» **TASK OBJECTIVE**:
Within the lines below, the span from the line with "軒天:ケンエースG-II(白) バルコニー防水:シートトップ#100(フォックスグレー) |" to the line with "大家好,小都来为大家解答以上", both ends included, is to be reproduced exactly, with pictures omitted.

» **DATASET**:
···
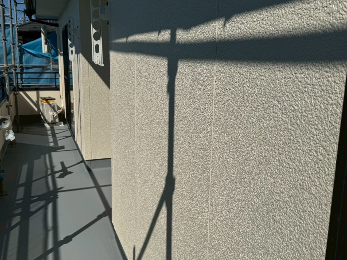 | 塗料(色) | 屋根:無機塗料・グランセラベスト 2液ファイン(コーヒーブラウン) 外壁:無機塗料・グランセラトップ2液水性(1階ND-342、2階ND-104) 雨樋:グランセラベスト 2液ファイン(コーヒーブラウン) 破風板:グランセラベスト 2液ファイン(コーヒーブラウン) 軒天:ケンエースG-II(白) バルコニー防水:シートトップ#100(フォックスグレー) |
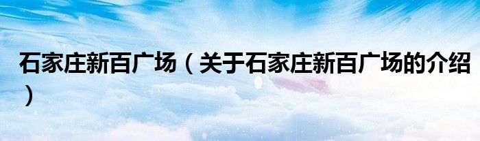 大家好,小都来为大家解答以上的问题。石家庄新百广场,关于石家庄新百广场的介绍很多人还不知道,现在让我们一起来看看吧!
···
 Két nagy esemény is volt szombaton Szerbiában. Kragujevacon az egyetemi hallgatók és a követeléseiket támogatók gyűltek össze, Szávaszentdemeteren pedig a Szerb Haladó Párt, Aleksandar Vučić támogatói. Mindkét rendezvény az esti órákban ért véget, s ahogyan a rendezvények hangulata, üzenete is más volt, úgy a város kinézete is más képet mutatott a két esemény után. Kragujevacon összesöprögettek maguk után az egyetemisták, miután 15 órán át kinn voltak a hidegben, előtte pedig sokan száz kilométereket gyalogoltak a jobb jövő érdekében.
···
» **YOUR SOLUTION**:
 | 塗料(色) | 屋根:無機塗料・グランセラベスト 2液ファイン(コーヒーブラウン) 外壁:無機塗料・グランセラトップ2液水性(1階ND-342、2階ND-104) 雨樋:グランセラベスト 2液ファイン(コーヒーブラウン) 破風板:グランセラベスト 2液ファイン(コーヒーブラウン) 軒天:ケンエースG-II(白) バルコニー防水:シートトップ#100(フォックスグレー) |
 大家好,小都来为大家解答以上的问题。石家庄新百广场,关于石家庄新百广场的介绍很多人还不知道,现在让我们一起来看看吧!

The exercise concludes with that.